5.1 Introduction to Hybrid-TSA

Hybrid-experimental approaches, where full-field experimental data is coupled with an analytical expression allows for the determination of fundamentally important separate stresses or constitutive parameters, such as stress concentration factors and stiffness constants. When full-field experimental techniques such as thermoelastic stress analysis (TSA), moiré, photoelastic stress analysis (PSA) , digital image correlation (DIC), etc., are utilized, raw results are discrete, with their resolution being a function of experimental setup and equipment (sensor resolution, lens used, focal distance, etc.), and data near discontinuities are unreliable due to different edge effects. More importantly, raw data offer one piece of information, e.g. combined stresses for TSA and PSA, and displacements for DIC.

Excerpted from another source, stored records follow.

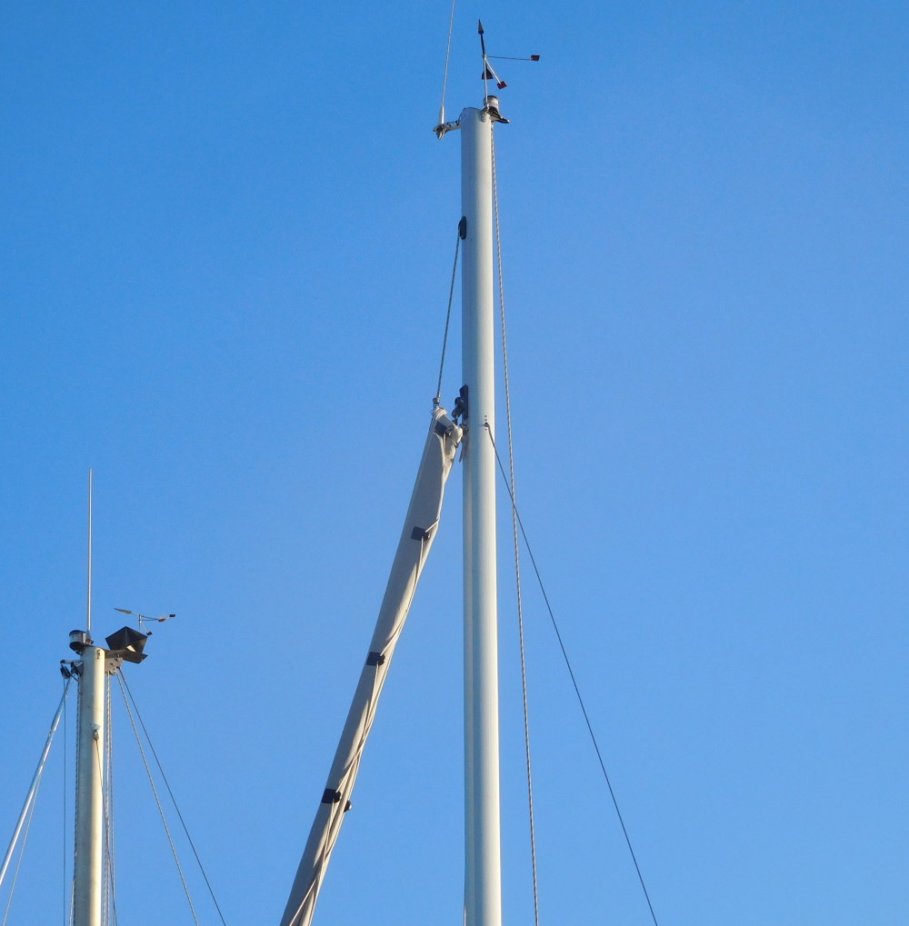 Allerdings muss ich auch dazu sagen, dass mein Mast vom Voreigner wohl mal überdehnt wurde, der Mast also im Ursprungszustand schon krumm ist. Durch das etwas höher angeschlagene Vorstag kann ich den Mast leichter gerade trimmen und trotzdem bekomm ich noch leicht eine Biegung in den Mast rein, wenn ich das Achterstag anspanne.
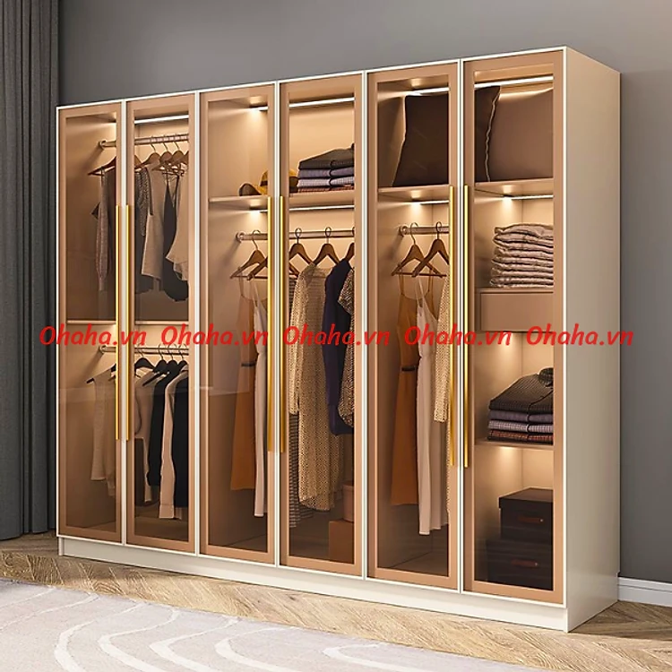 [ Miễn phí vận chuyển & lắp đặt] Tủ quần áo cánh kính Ohaha có kèm đèn led - TCK004
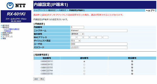 内線設定(IP端末)
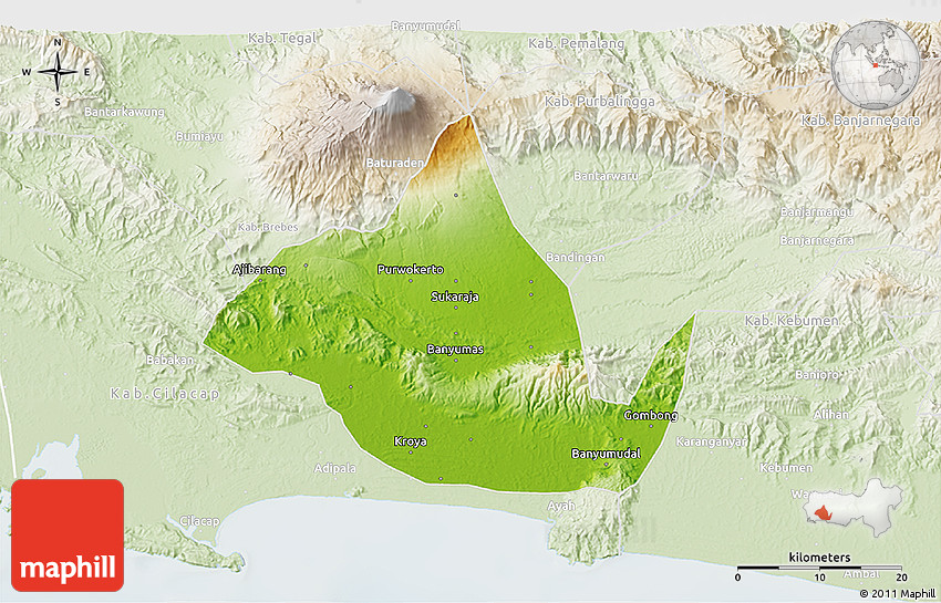 Physical map illustrates the mountains, lowlands, oceans, lakes and rivers and other physical landscape features of Kab. Banyumas. Differences in land elevations relative to the sea level are represented by color.
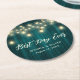 Rustic Wood String Lights Teal Wedding Round Paper Coaster
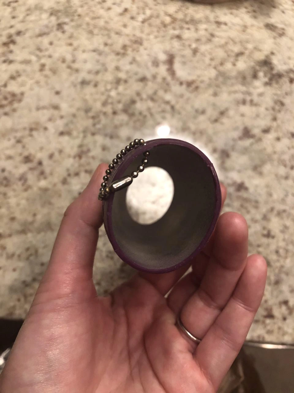 저 하얀 컵에 물을 채우고 회색 뚜껑을 닫는다. 그럼 구의 반 정도만 물이 차 있게 된다. 나머지 반을 채워 구를 만들려면 회색 뚜껑 가운데 나 있는 구멍에 물을 계속 넣으면 된다. 신기한 게 물이 저 구멍으로 들어가기는 하는데, 뒤집어도 물이 빠져나오진 않는다. 싱기싱기.
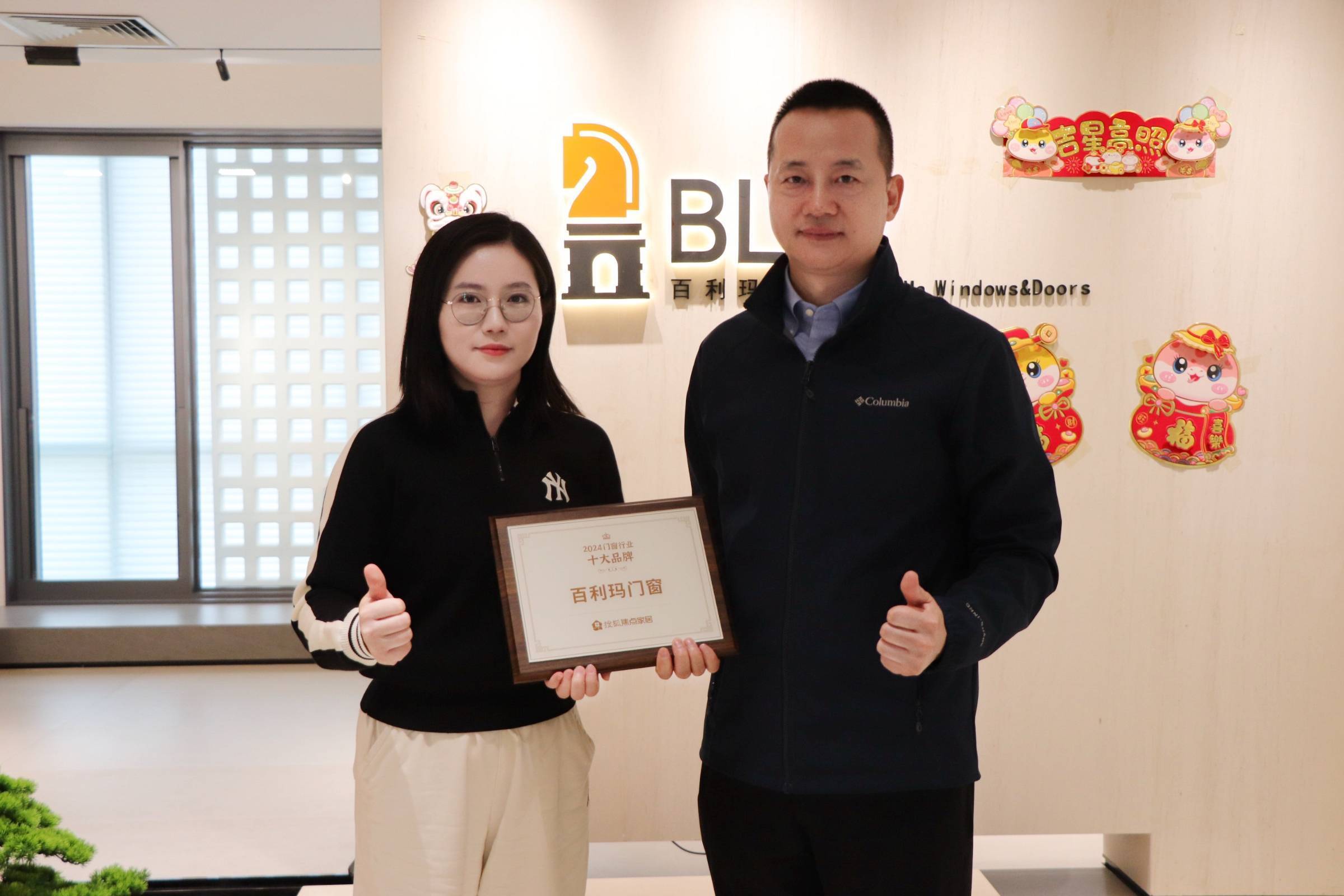 2025年2月19日,百利玛门窗被授予“2024门窗行业十大品牌”荣誉奖牌。搜狐焦点家居全国总经理郑海云与百利玛门窗副总经理黄丽玲亲切合影,共同记录下这一荣耀时刻。这一奖项由搜狐集团联合权威行业协会发起,从市场、创新、财务及社会贡献四大维度综合评估,旨在表彰行业标杆企业。门窗十大品牌百利玛凭借其深耕门窗领域25年的技术积淀与创新实力脱颖而出,成为家居行业高质量发展的典范代表。
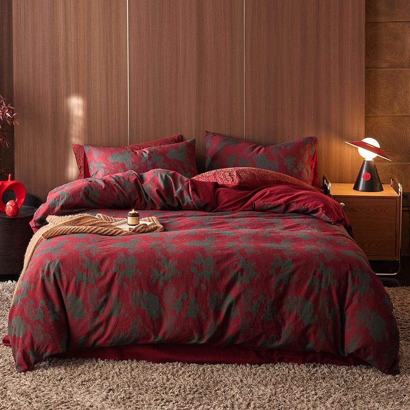 (总)简家居2025新款40支全棉色织空气棉四件套-鎏金喜韵,鎏金喜韵
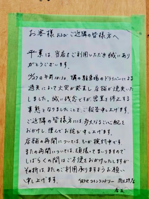 12/27(土)市川市南大野1丁目で車の衝突による火事により店舗が焼失した白クマコインランドリー南大野店ですが、店頭に掲示があり営業再開を検討中ということです。
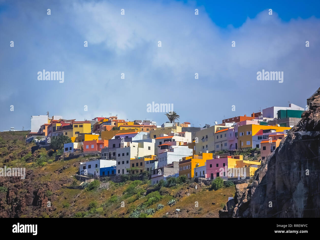 Maisons Colorees Sur Une Colline Ville De San Sebastian De La Gomera Iles Canaries Espagne Photo Stock Alamy
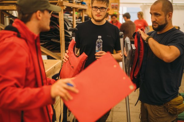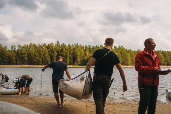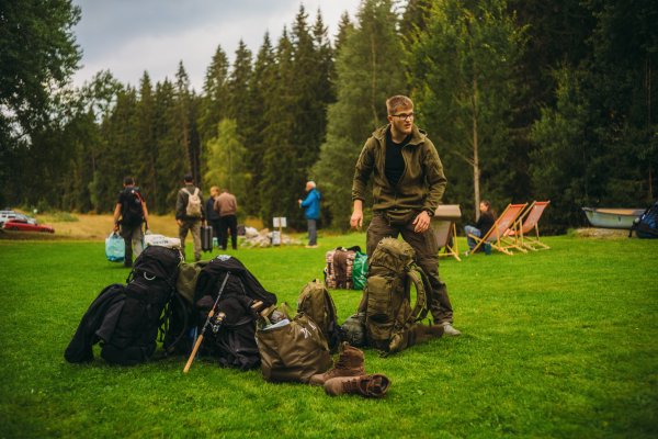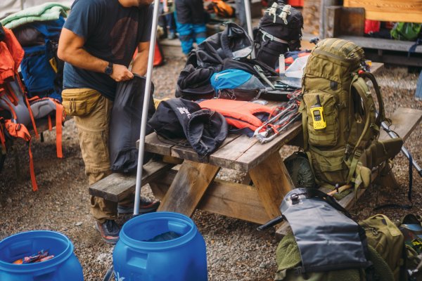 Wir erhielten unser gebuchtes "Light"-Paket, welches im Wesentlichen aus zwei Kanus und zwei geräumigen, wasserdichten Containern bestand. Einer davon war leer und wartete auf unser Gepäck, der andere war bereits mit nützlichen Utensilien wie einem Spaten, Müllsäcken und Klopapier gefüllt. Anschließend begann das große Umpacken. Unsere Wechselkleidung für die Rückreise und alles, was definitiv nicht nass werden durfte und nicht unmittelbar gebraucht wurde, wanderte in den ersten Container. Der zweite wurde zu unserer mobilen Speisekammer, gefüllt mit Proviant wie Trockenmilch- und Volleipulver, Mehl, Spaghetti mit Tomatensauce, diversen Tütengerichten, Speck, Beef Jerky, Energieriegeln, Knäckebrot, Marmelade, Ghee, Gänsefett, Kaffee und verschiedenen Tütensuppen. Parallel dazu bereiteten wir unsere beiden Angeln vor, für die wir zusätzlich Angelkarten gebucht hatten. Die Stahlvorfächer wurden montiert und die Köderboxen griffbereit verstaut – wir waren bereit.
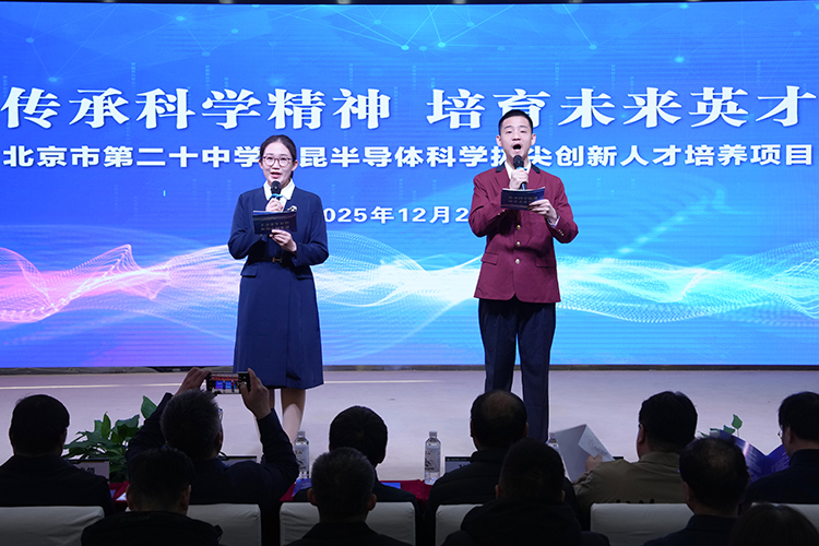2025年12月29日上午,北京市第二十中学与中国科学院半导体研究所联合举办“黄昆半导体科学拔尖创新人才培养项目”启动仪式。该项目以我国半导体物理学奠基人、国家最高科学技术奖获得者黄昆先生命名,旨在通过科教融合、大中贯通的培养模式,通过构建特色课程、创办“黄昆少年班”,创设科研实践与价值塑造的人才培养平台,引领学生树立理想志向,接受科研基础训练,在知识、技能和思维方面打好基础,培养志在报国、具有创新潜能的未来拔尖创新人才。
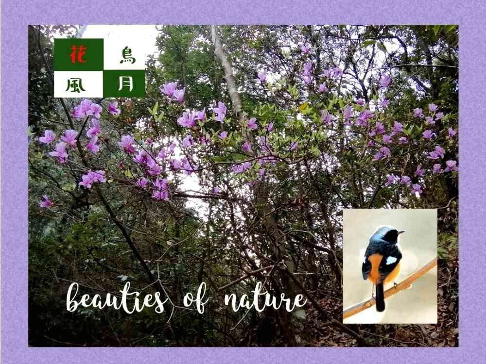 野鳥観察🐦兼ねて自宅の裏山をハイキング🚶。毎年ソメイヨシノ🌸とほぼ同時期に咲くコバノミツバツツジが山の急斜面に少しだけ開花してました。ジョウビタキ♂を発見。

With the focus here being on thermoelectricity, raw data from a TSA test are proportional to the summation of the first two principal stresses when addressing a two-dimensional plane stress loading scenario as shown in Eq. (5.1) below:

$$ {S}^{*}=K\varDelta S=K\varDelta \left({\sigma}_1+{\sigma}_2\right) $$
(5.1)

Where S* is the recorded TSA signal and K is the TSA calibration factor related to the relevant physical properties of the material of interest, surface condition and TSA system parameters [13], and S is the calibrated TSA image. With most design problems in engineering fatigue and failure analysis, the separation of the above TSA coupled stresses becomes essential and has been the topic of interest for many research efforts.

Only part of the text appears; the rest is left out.